**What you have to do**
Each line in the material below, starting at the one with "in your fleet." and ending at the one with "Auf den 25 Kölner", is to be reproduced exactly; no picture is to be copied.

**Material shown**
***
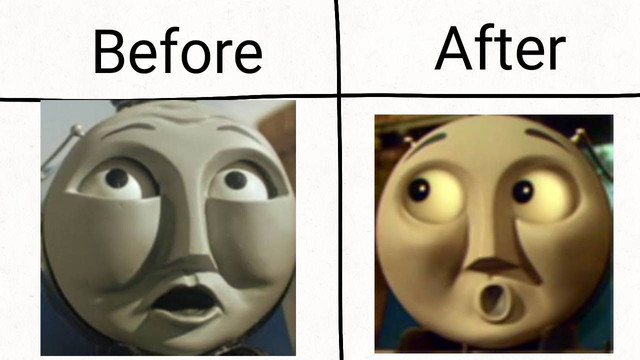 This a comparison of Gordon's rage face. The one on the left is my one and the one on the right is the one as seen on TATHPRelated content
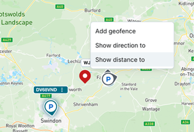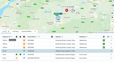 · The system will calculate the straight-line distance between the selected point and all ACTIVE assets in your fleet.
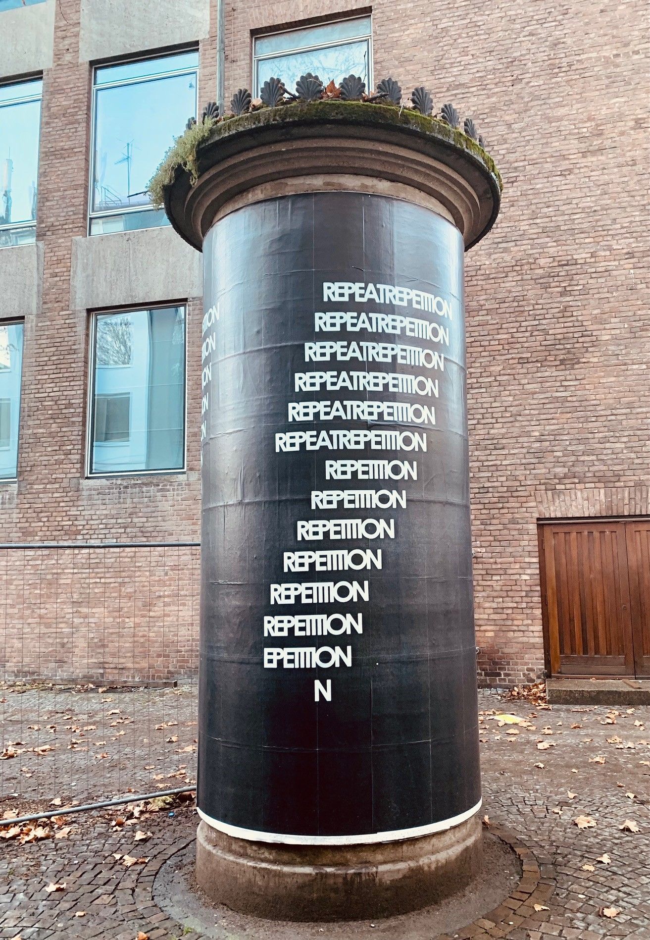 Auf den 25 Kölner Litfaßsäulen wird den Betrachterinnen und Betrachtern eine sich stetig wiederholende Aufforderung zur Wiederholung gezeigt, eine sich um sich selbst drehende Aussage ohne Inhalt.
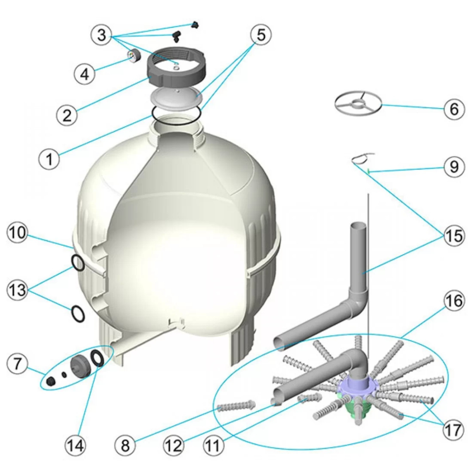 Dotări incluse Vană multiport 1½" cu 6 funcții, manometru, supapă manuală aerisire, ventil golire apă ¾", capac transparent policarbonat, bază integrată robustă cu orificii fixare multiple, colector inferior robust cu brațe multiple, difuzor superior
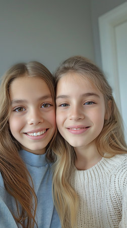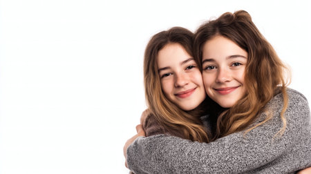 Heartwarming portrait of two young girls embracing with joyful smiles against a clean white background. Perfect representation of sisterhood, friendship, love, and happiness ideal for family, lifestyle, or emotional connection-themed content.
***
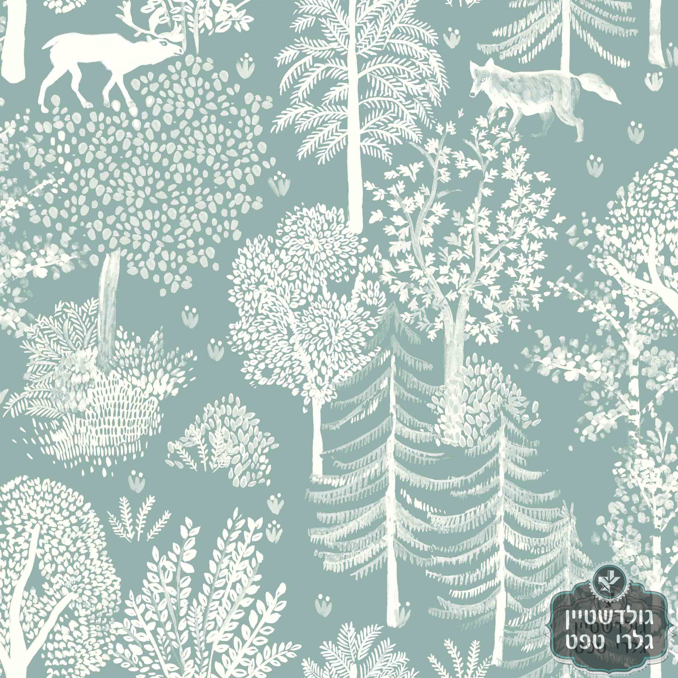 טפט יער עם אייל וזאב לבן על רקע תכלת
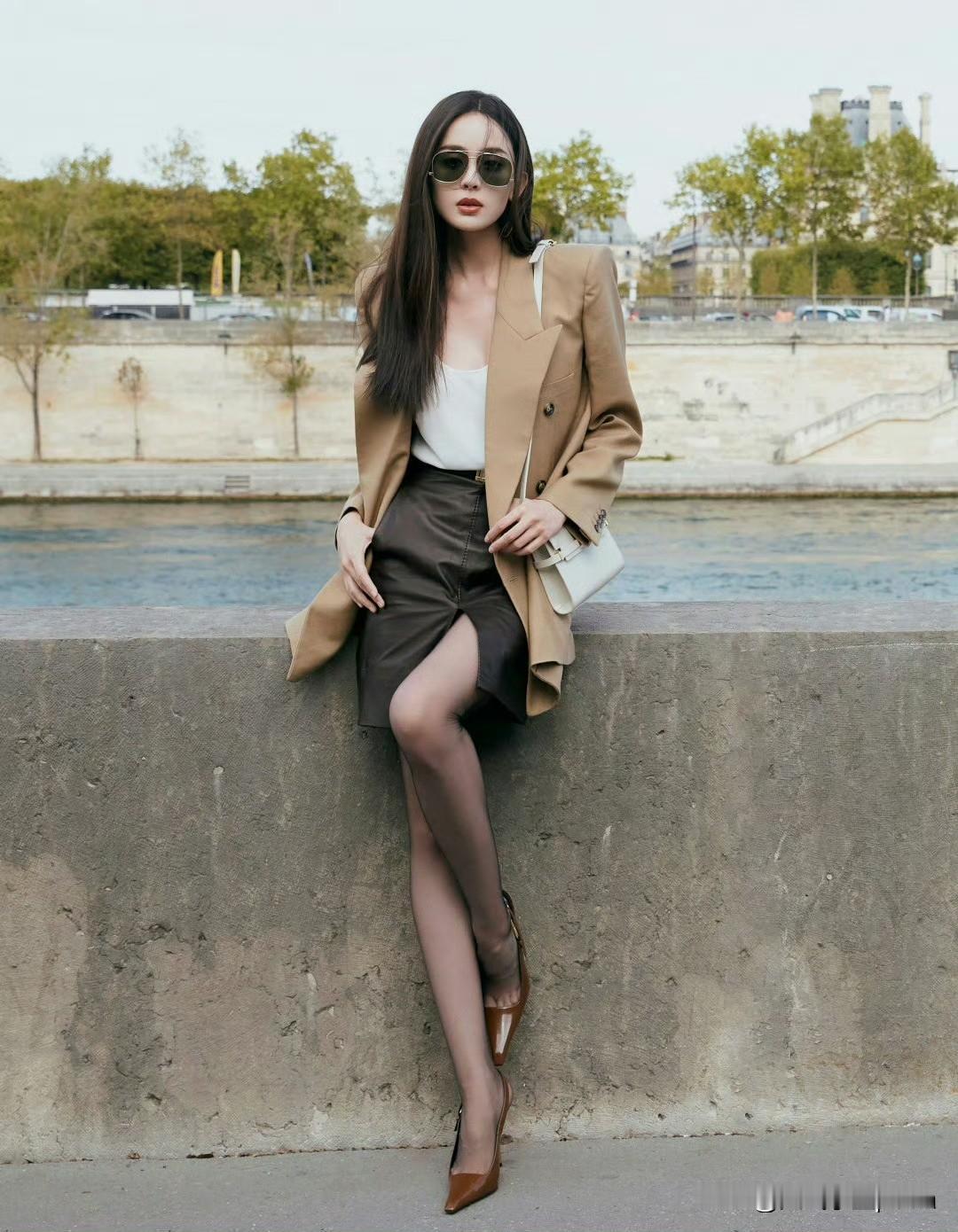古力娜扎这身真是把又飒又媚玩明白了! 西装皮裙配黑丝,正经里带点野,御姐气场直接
***
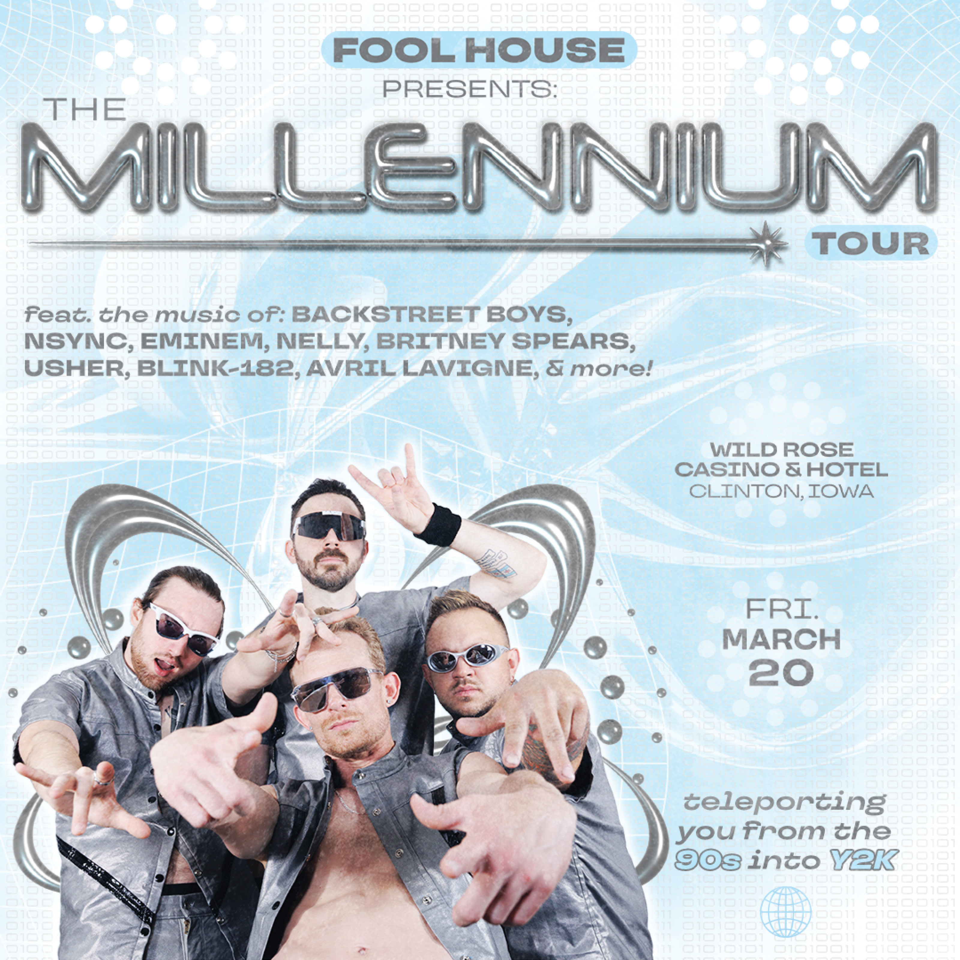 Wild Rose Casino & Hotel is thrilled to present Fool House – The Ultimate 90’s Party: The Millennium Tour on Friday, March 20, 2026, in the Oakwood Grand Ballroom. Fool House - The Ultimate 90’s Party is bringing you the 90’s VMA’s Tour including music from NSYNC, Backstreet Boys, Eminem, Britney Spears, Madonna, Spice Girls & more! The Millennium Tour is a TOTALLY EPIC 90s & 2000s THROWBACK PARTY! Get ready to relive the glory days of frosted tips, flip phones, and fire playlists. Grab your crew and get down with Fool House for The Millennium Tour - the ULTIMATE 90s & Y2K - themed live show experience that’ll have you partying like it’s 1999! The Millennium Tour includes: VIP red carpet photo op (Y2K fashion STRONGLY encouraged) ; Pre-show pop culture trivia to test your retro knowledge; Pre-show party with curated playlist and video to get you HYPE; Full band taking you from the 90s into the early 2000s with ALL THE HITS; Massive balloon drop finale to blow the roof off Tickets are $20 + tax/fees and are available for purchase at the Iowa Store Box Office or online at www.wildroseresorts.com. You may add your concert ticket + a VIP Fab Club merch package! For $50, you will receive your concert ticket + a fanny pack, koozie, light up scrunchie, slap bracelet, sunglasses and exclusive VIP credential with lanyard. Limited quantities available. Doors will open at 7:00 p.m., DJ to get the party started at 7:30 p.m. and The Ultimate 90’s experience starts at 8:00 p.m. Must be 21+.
***
**Task response**
 · The system will calculate the straight-line distance between the selected point and all ACTIVE assets in your fleet.
 Auf den 25 Kölner Litfaßsäulen wird den Betrachterinnen und Betrachtern eine sich stetig wiederholende Aufforderung zur Wiederholung gezeigt, eine sich um sich selbst drehende Aussage ohne Inhalt.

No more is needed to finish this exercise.